Tuesday, November 11, 2008

The Chicagoan: A Lost Magazine of the Jazz Age

A remarkable new book,  The Chicagoan: A Lost Magazine of the Jazz Age (University Of Chicago Press), has just been released. Its a book every fan of the Roaring Twenties should know about. It is impressive to say the least - and quite stunning to look at.

I don't own a copy (yet), and have only been able to briefly scan this new book. But, as I was flipping through it I quickly spotted a reference to The City Gone Wild (1927), the Chicago-inspired gangster film featuring Louise Brooks.


 

Here is some additional information from the publisher about this new book.

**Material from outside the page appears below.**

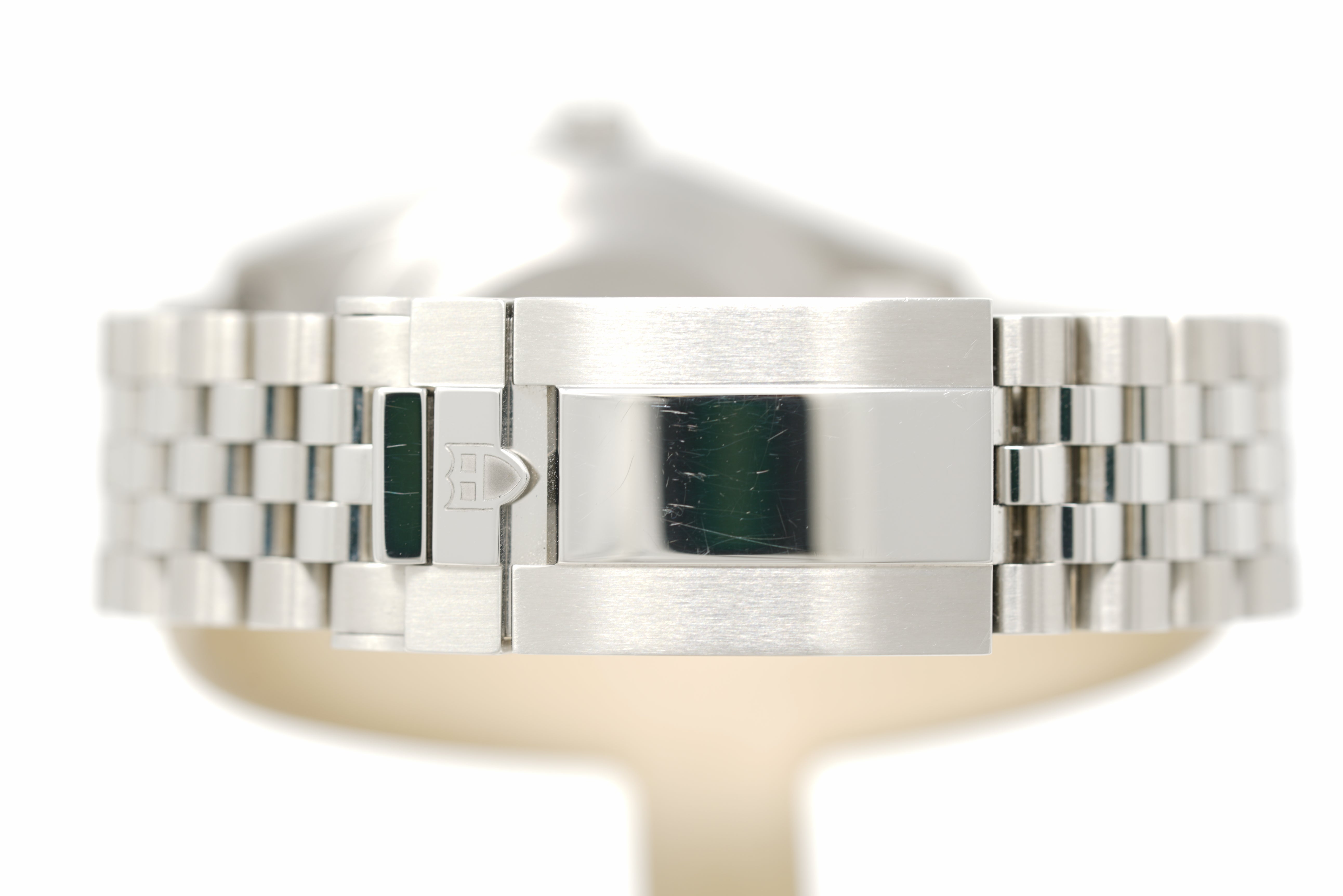 This pre-owned watch is in 88% condition due to slight marks on the lugs, bezel, and throughout the case. The bracelet is in 89% condition due to slight marks on the links and clasp. Originally purchased in June 2025, this watch comes with its inner and outer box, instruction manual, warranty card, hangtag, and the one-year Topper Pre-Owned Select warranty.

"While browsing the stacks of the Regenstein Library at the University of Chicago some years ago, noted historian Neil Harris made a surprising discovery: a group of nine plainly bound volumes whose unassuming spines bore the name the Chicagoan.  Pulling one down and leafing through its pages, Harris was startled to find it brimming with striking covers, fanciful art, witty cartoons, profiles of local personalities, and a whole range of incisive articles.  He quickly realized that he had stumbled upon a Chicago counterpart to the New Yorker that mysteriously had slipped through the cracks of history and memory.

Here Harris brings this lost magazine of the Jazz Age back to life. In its own words, the Chicagoan claimed to represent “a cultural, civilized, and vibrant” city “which needs make no obeisance to Park Avenue, Mayfair, or the Champs Elysees.” Urbane in aspiration and first published just sixteen months after the 1925 appearance of the New Yorker, it sought passionately to redeem the Windy City’s unhappy reputation for organized crime, political mayhem, and industrial squalor by demonstrating the presence of style and sophistication in the Midwest.  Harris’s substantial introductory essay here sets the stage, exploring the ambitions, tastes, and prejudices of Chicagoans during the 1920s and 30s.  The author then lets the Chicagoan speak for itself in lavish full-color segments that reproduce its many elements: from covers, cartoons, and editorials to reviews, features—and even one issue reprinted in its entirety.

Recalling a vivid moment in the life of the Second City, the Chicagoan is a forgotten treasure, offered here for a whole new age to enjoy."